Natural activators are exquisitely specific in their function, upregulating cognate genes in particular
cell types to predetermined levels upon demand [1]. Part of that specificity is derived from one of
the two essential components of an activator, a DNA binding domain (DBD) that recognizes
cognate DNA sequences (Figure 1B). The other key component is an activation domain (AD) that
interacts with a variety of proteins that constitute the transcriptional machinery and dictates the
level of gene upregulation [1]. The AD-transcriptional machinery interactions are tightly regulated
by signaling pathways because natural ADs exhibit promiscuous binding behavior [11] that leads to
uncontrolled transcriptional stimulation. An additional layer of functional specificity is imposed by
transcriptional regulatory networks that dictate when and where a given activator is expressed [[12]

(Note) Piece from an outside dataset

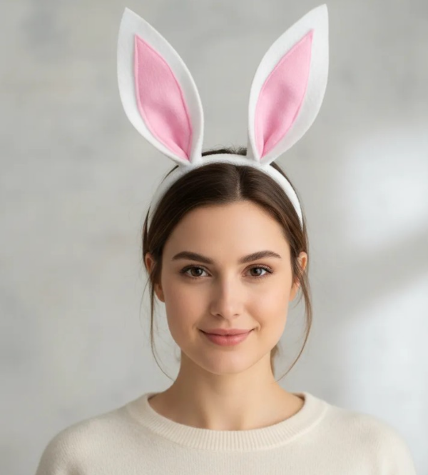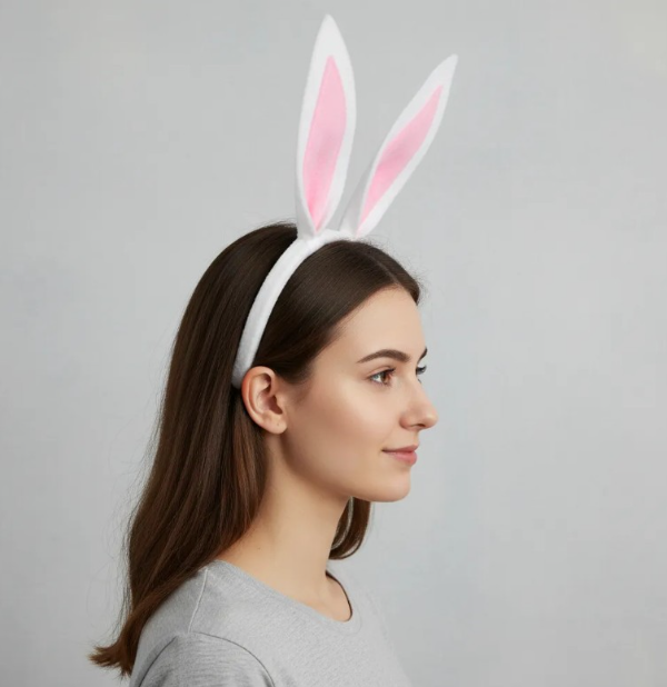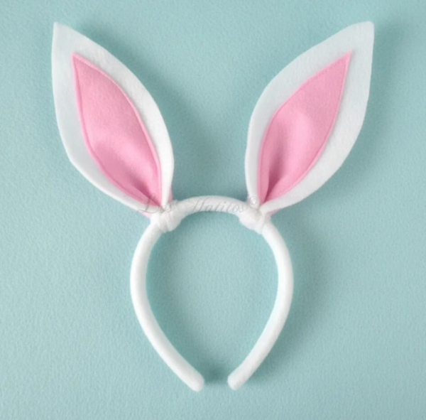 Vincha forrada para niños o adultos. orejas de conejo en paño blanco con interior rosa, las orejas se doblan.

and [13]], leading to cell-type specific function.
The functional specificity profile of artificial transcriptional activators is much less sophisticated,
and the most success has been attained in gene targeting specificity [[9], [10] and [14]]. For
example, artificial activators that upregulate predetermined genes have been constructed by the
replacement of endogenous DBDs with novel protein DBDs [15] or with synthetic variants such as
peptide nucleic acids [16], triplex-forming oligonucleotides [[17] and [18]], and hairpin polyamides
[19]. In addition, artificial activators that function only in the presence of a small molecule have
been developed and offer some control over the timing of gene activation, thus serving as a
substitute for the signaling pathways that regulate natural AD function [[20] and [21]]. As in natural
activators, the AD of artificial activators contacts the transcriptional machinery to upregulate
transcription. However, it is typically difficult to predict the level of transcriptional stimulation that
will be elicited by a given artificial activator due to many additional factors that impact AD
function. These factors include the DBD to which the AD is attached, the position of the DNA
binding site relative to the gene, the concentration of the AD present at the gene, and the affinity of
the AD for the transcriptional machinery [[11], [18], [19], [22], [23], [24], [25], [26] and [27]].
Finally, artificial activators that target particular cell types or organisms remain elusive. This lack of
specificity can largely be attributed to the activation domains employed in artificial activator
construction. These are typically ADs derived from or closely related to natural activators that in the
context of an artificial activator operate outside of the endogenous regulatory pathways [[9], [15],
[25], [28], [29] and [30]]. Thus, the ADs interact with a wide range of protein targets and, as a
result, function in all eukaryotic systems [[16] and [24]].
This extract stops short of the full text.